Abbreviation: MDM, Medical Data Model; UMLS, Unified Medical Language System.

Usage Characteristics

[Fig. 3] presents the total number of data models between 2011 and 2024. Between 2016 and March 2024, the total number of models increased from 4,387 to 25,257. The median number of versions per data model is 1 (range: 1–20, IQR: 1–2). MDM has 14,251 registered users worldwide (as of March 2024). [Fig. 4] presents an MDM screenshot with exemplary search results.

Fig. 3 Time course of developing the MDM contents. MDM, Medical Data Model.

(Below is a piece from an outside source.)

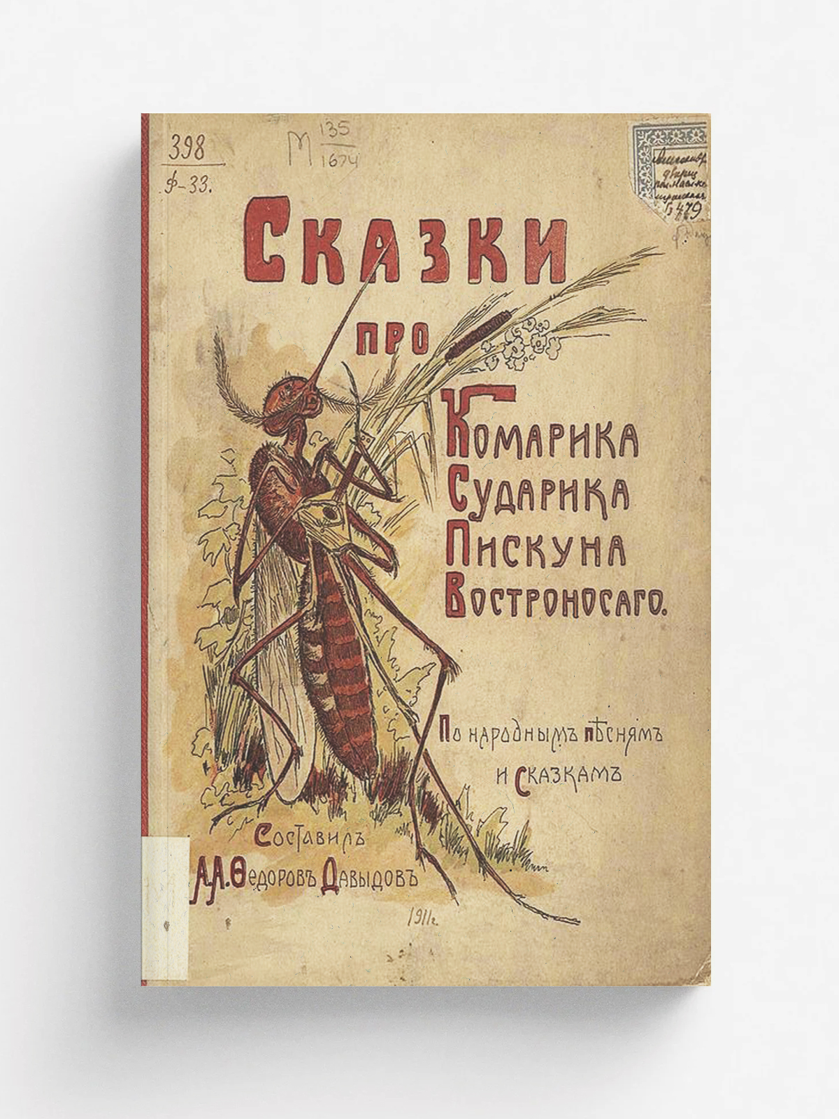 Сказки про Комарика сударика пискуна востроносаго : по народным песням и сказкам / составил А. А. Федоров-Давыдов. — [Б. м.] : [б. и.], 1911. — 15, [1] с. : цв. ил.; 23 см.
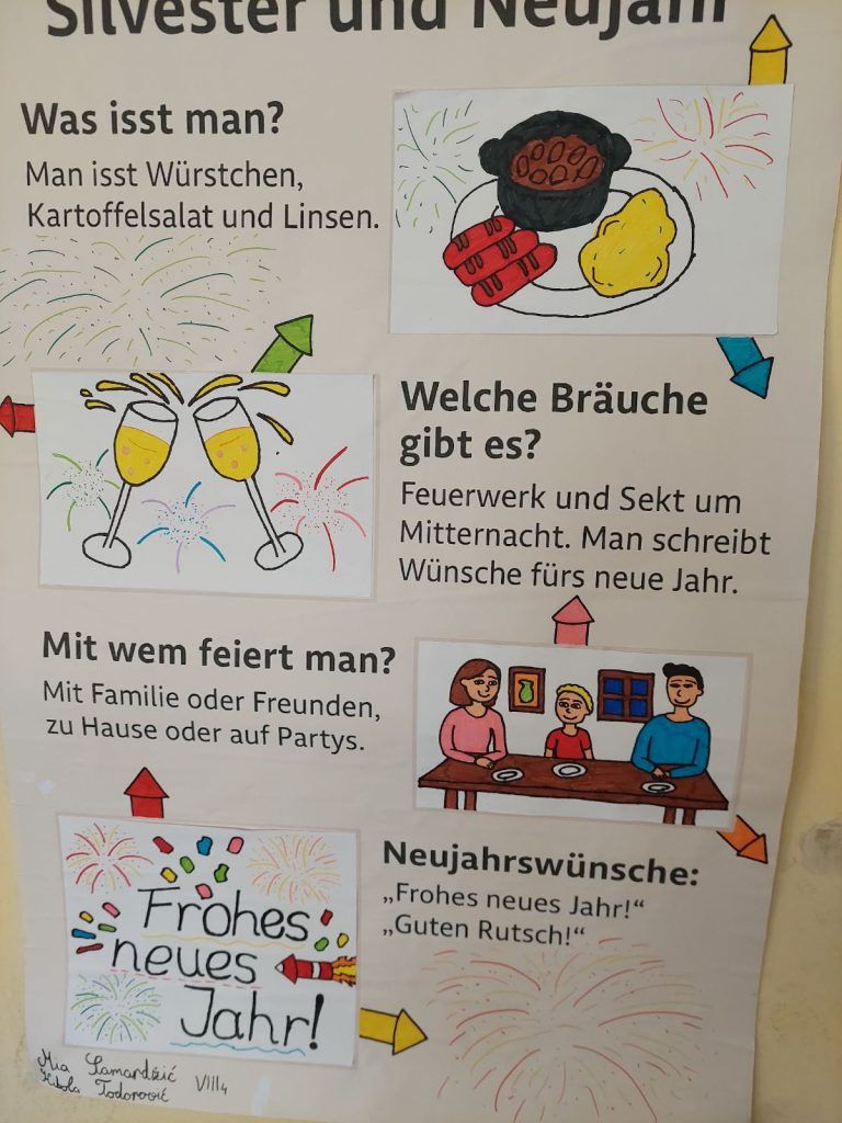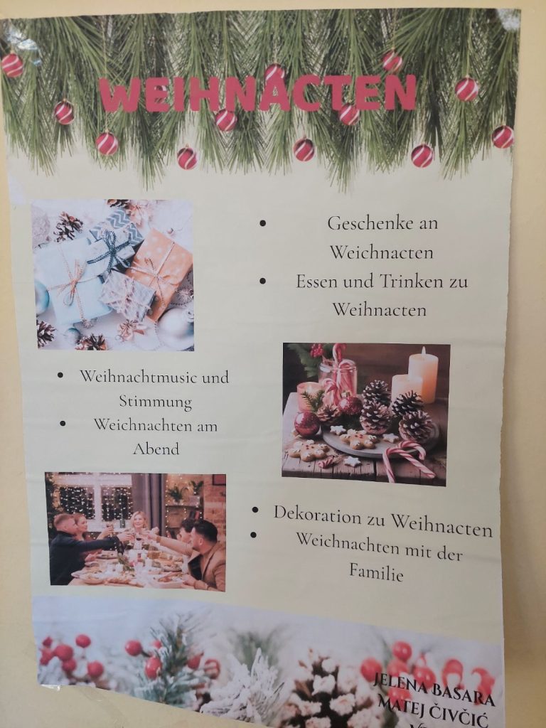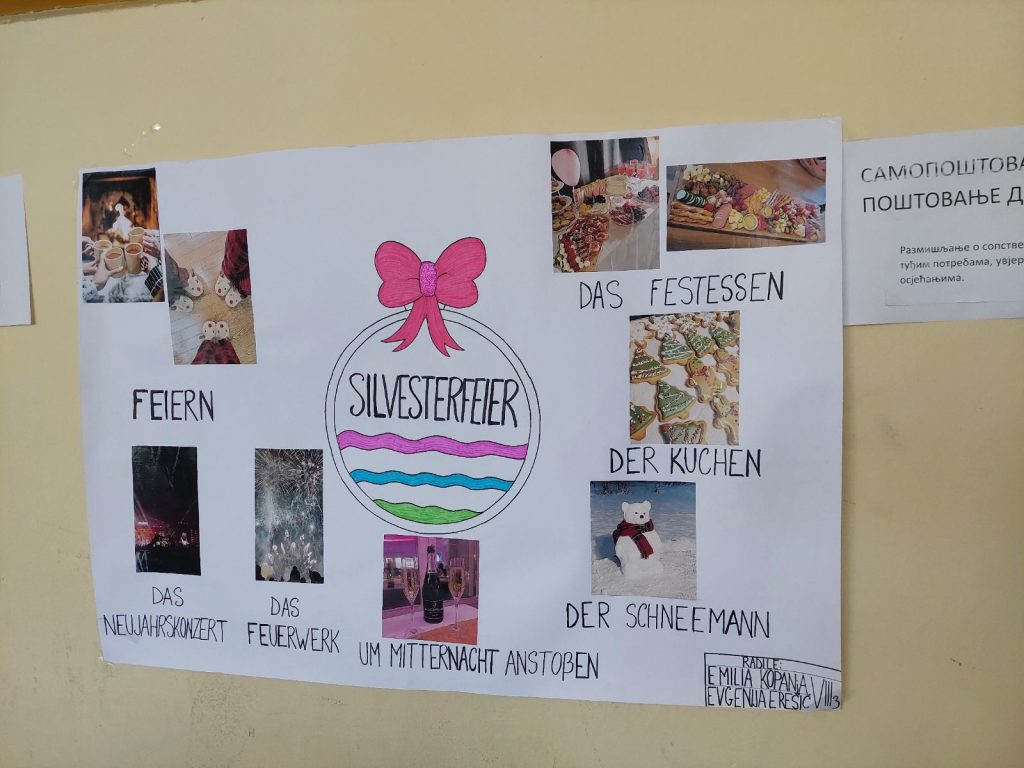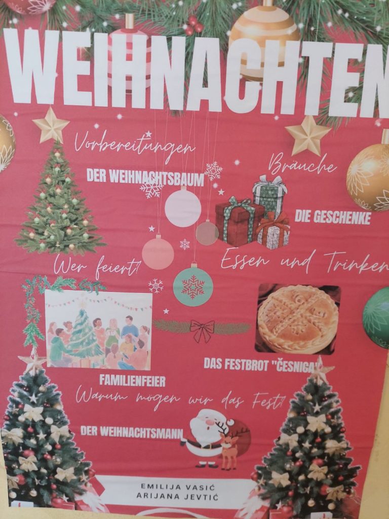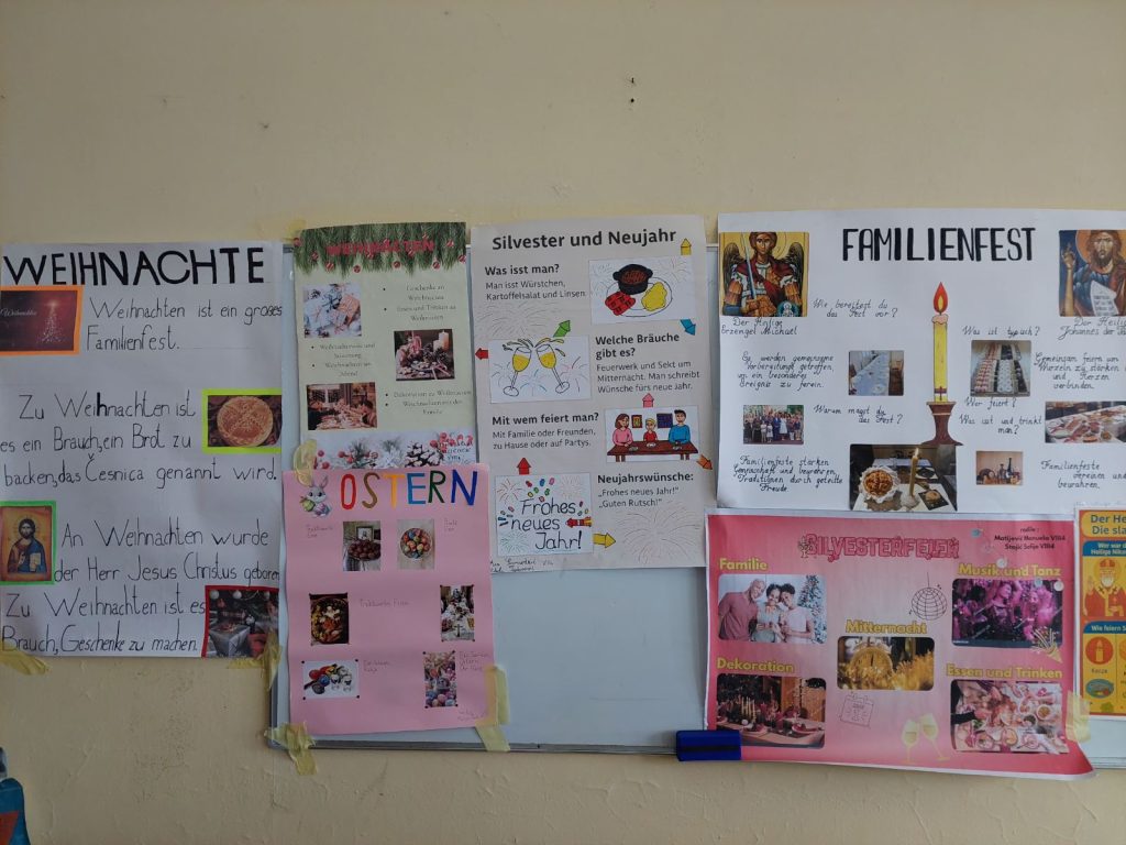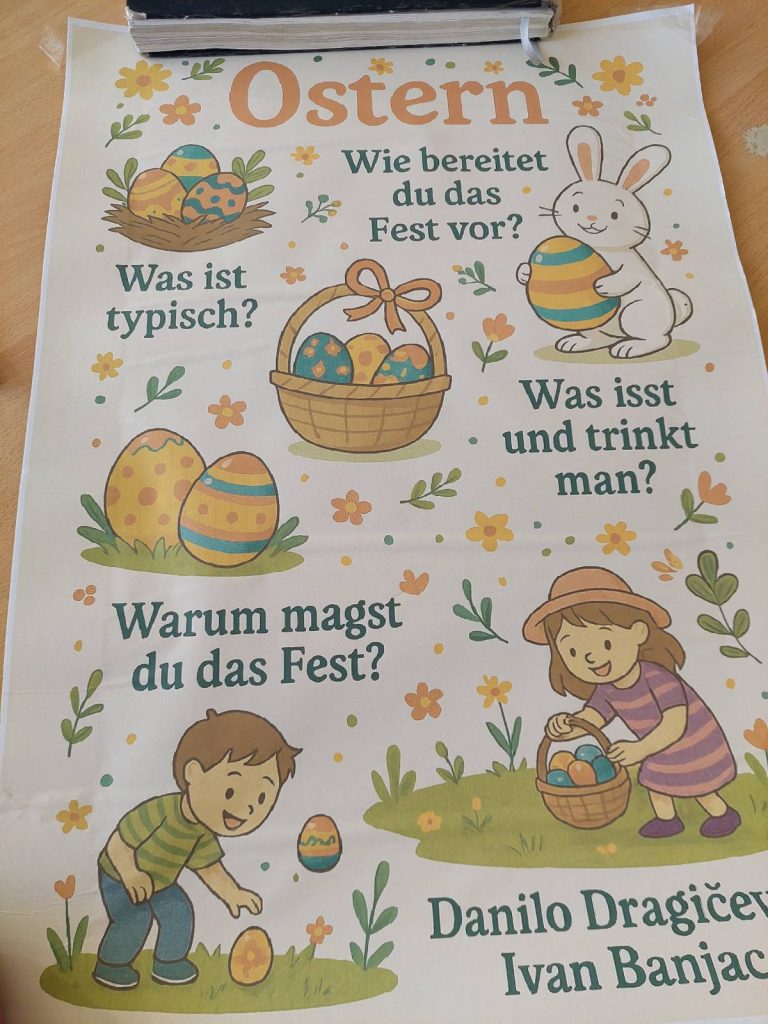 У петак, 25. априла, и у сриједу, 30. априла 2025. године, ученици осмог разреда (VIII3 и VIII4) радили су паное на тему „Празници (Wir feiern), гдје су на њемачком језику представили обичаје типичне за православну културу и разлике у односу на западну културу.

Fig. 4 Screenshot from MDM portal. Search results for “heart failure” are displayed. MDM, Medical Data Model.

Discussion

The MDM Portal has been regularly presented at scientific congresses of the European Federation for Medical Informatics (https://efmi.org/), German Association for Medical Informatics, Biometry, and Epidemiology (https://www.gmds.de/), Meetings of the German CDISC User Network (https://www.cdisc.org/), and others. In cooperation with the technology and method platform for networked medical research (TMF e.V., https://www.tmf-ev.de/), workshops have been held annually and over 100 users have been trained, and continuous feedback on community requirements for MDM contents has been obtained. Further, an external team (University of Applied Sciences Bern, Switzerland) performed a usability study of the MDM Portal.[22] This study addressed technical aspects (e.g., test with Web site tool Nibbler) and offered an assessment by 10 users from two clinical trial units. In addition, 80% of the users agreed or strongly agreed that MDM provides relevant and reliable information.

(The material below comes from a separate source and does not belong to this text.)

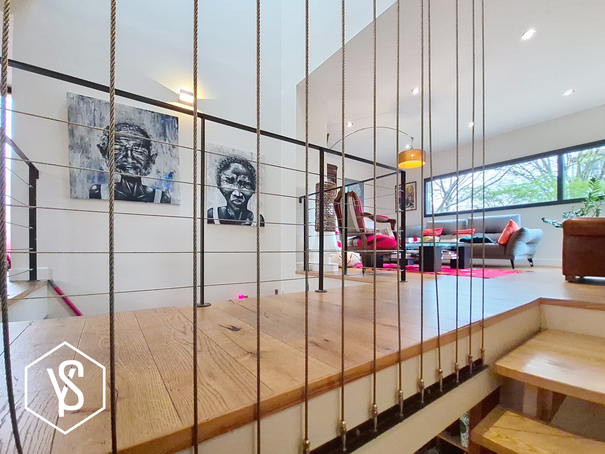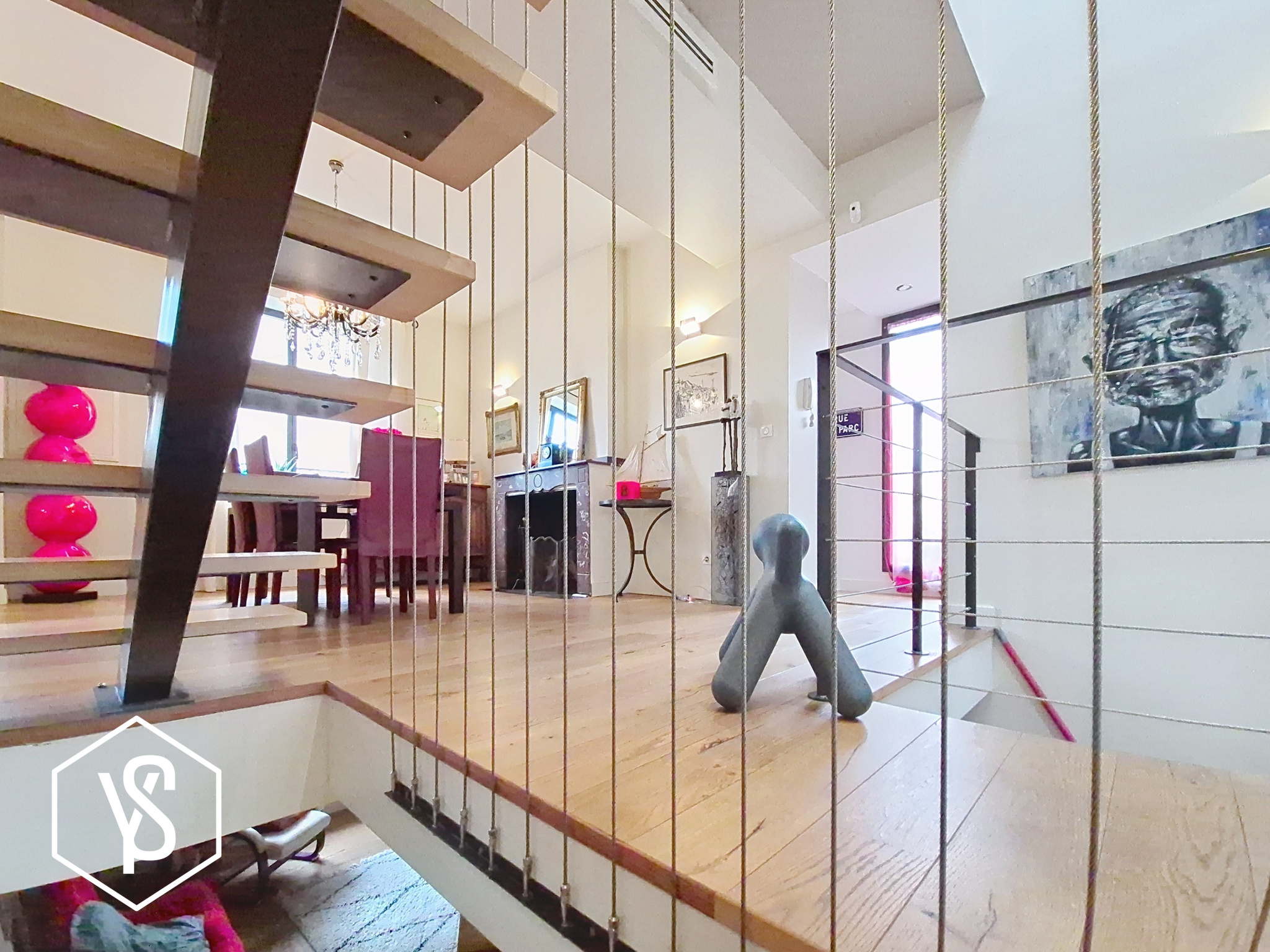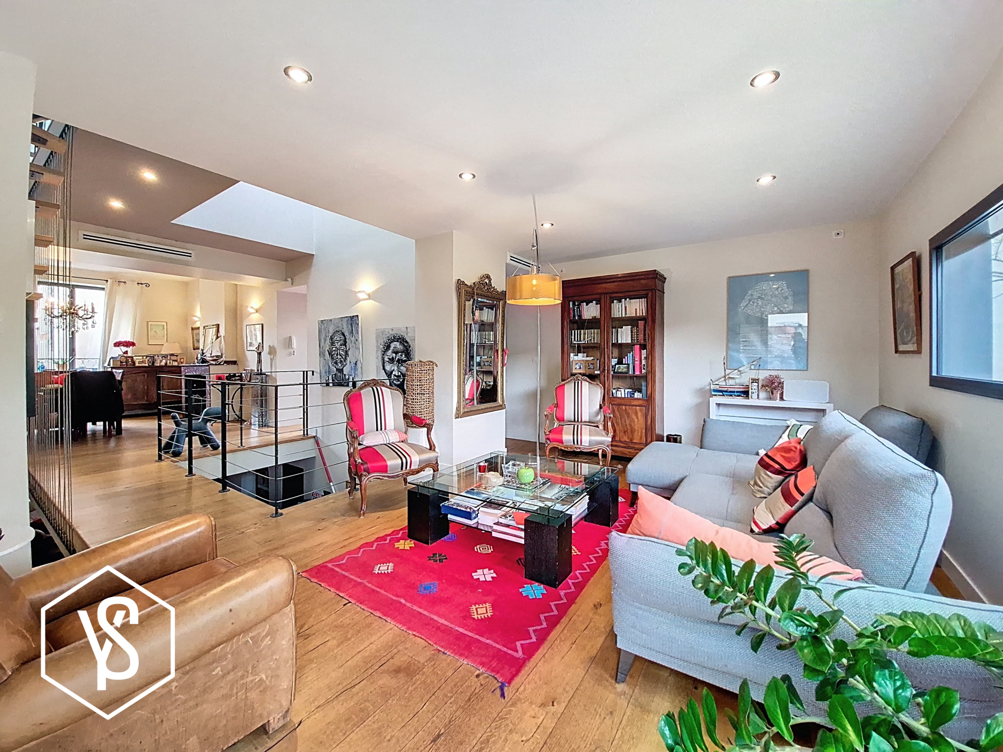 Étage : Trois grandes chambres, une salle d'eau, des WC séparés, ainsi qu'un espace bureau aménagé dans le dégagement, sublimé par un puits de lumière.

As described above, the MDM Portal's dataset provides semantic annotation with UMLS codes, especially for items. Another important semantic coding system is SNOMED, which is widely used in Europe and beyond. However, although several countries do not have a national SNOMED license yet, users with a SNOMED license can make use of existing cross-mappings between UMLS and SNOMED. Further, semantically annotated data models can be compared with tools like ODMSummary[21] or CDEGenerator,[14] for example, to develop common data elements for information systems. This has already been done, e.g., for acute coronary syndrome,[5] acute myeloid leukemias,[6] and the neuroinflammatory disease multiple sclerosis.[7] The latter was developed for use in neurological units of two university hospitals.

The Institute of Community Medicine of the University of Greifswald extracts the UMLS annotation provided by the MDM Portal via a restful API connection for use in their own data dictionary of SHIP,[4] [15] and the Medical Informatics Group of the University Hospital of Frankfurt has integrated the code suggestion function of the MDM Portal to profit from the large set of annotated elements for annotation in Samply.MDR.[8]

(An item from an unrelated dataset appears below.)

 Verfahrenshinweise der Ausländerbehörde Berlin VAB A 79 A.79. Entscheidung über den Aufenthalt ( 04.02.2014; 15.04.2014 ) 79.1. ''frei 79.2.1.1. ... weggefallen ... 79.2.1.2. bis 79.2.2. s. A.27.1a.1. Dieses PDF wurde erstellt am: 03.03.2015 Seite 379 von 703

In total, 805,308 elements with semantic annotations are available from 25,257 data models; thus the contextual meaning of diverse medical text segments is machine readable, including synonyms and complex clinically relevant concept relations. Thus, this dataset can be applied as a unique knowledge base for various natural language processing[23] systems in the clinical domain. However, there is still a long road ahead, as medicine is so complex that even having >25,000 data models only represents a starting point: the International Classification of Diseases version 10[24] lists in its German version more than 13,000 diagnoses and is a coarse-grained system. Each diagnosis is associated with a different set of data items for medical history, clinical examination, therapeutic interventions, and follow-up. In our setting, semantic annotation proved to be a difficult task: several approaches for fully automated annotation did not yet yield an acceptable coding quality; therefore, we applied manual expert curation. National and international collaboration is needed to further develop contents according to the needs of the scientific community.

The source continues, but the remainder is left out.